■ WORK TO BE COMPLETED
Report every line of the records below that includes the string "make".

/---

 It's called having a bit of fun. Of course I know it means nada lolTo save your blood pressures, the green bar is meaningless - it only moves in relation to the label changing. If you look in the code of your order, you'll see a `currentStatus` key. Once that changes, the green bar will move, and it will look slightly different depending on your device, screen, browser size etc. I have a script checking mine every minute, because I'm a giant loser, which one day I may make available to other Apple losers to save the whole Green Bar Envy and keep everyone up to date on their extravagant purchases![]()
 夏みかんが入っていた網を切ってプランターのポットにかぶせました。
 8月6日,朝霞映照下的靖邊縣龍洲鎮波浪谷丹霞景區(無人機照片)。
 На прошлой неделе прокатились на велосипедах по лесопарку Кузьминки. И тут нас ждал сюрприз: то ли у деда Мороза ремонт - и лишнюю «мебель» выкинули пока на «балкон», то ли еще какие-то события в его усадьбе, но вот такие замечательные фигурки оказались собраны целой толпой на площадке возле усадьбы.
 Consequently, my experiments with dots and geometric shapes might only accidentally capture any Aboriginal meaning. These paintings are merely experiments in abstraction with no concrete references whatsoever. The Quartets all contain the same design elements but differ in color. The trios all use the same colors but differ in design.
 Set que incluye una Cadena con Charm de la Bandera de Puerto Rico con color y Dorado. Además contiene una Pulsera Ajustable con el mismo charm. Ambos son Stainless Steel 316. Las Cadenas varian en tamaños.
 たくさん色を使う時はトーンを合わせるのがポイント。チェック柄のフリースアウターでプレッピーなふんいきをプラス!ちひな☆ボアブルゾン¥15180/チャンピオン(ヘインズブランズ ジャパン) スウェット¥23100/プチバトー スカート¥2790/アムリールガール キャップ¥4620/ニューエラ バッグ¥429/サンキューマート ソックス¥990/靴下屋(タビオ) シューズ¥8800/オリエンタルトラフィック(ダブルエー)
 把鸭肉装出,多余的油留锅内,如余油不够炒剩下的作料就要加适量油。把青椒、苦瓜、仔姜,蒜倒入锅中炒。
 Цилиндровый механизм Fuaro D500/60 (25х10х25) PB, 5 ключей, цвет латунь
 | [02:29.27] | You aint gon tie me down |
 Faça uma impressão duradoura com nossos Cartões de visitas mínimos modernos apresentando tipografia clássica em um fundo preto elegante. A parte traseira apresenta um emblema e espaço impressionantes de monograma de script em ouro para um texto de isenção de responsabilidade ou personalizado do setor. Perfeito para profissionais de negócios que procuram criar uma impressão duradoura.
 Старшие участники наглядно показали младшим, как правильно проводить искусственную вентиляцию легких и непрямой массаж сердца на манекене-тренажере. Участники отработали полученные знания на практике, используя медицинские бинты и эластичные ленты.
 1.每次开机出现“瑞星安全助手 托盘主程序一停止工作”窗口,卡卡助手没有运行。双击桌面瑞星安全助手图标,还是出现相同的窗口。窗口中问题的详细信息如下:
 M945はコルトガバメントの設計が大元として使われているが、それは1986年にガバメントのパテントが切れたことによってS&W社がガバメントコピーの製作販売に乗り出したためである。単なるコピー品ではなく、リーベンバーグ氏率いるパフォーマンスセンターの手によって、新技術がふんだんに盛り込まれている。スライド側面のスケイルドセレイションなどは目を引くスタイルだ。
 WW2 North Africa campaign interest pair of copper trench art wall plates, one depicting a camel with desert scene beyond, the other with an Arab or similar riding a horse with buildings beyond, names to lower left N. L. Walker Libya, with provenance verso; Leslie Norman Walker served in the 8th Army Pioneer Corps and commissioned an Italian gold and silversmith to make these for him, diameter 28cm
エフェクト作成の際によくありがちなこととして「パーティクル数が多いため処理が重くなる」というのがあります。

\---

■ RESPONSE AREA
 It's called having a bit of fun. Of course I know it means nada lolTo save your blood pressures, the green bar is meaningless - it only moves in relation to the label changing. If you look in the code of your order, you'll see a `currentStatus` key. Once that changes, the green bar will move, and it will look slightly different depending on your device, screen, browser size etc. I have a script checking mine every minute, because I'm a giant loser, which one day I may make available to other Apple losers to save the whole Green Bar Envy and keep everyone up to date on their extravagant purchases![]()
 WW2 North Africa campaign interest pair of copper trench art wall plates, one depicting a camel with desert scene beyond, the other with an Arab or similar riding a horse with buildings beyond, names to lower left N. L. Walker Libya, with provenance verso; Leslie Norman Walker served in the 8th Army Pioneer Corps and commissioned an Italian gold and silversmith to make these for him, diameter 28cm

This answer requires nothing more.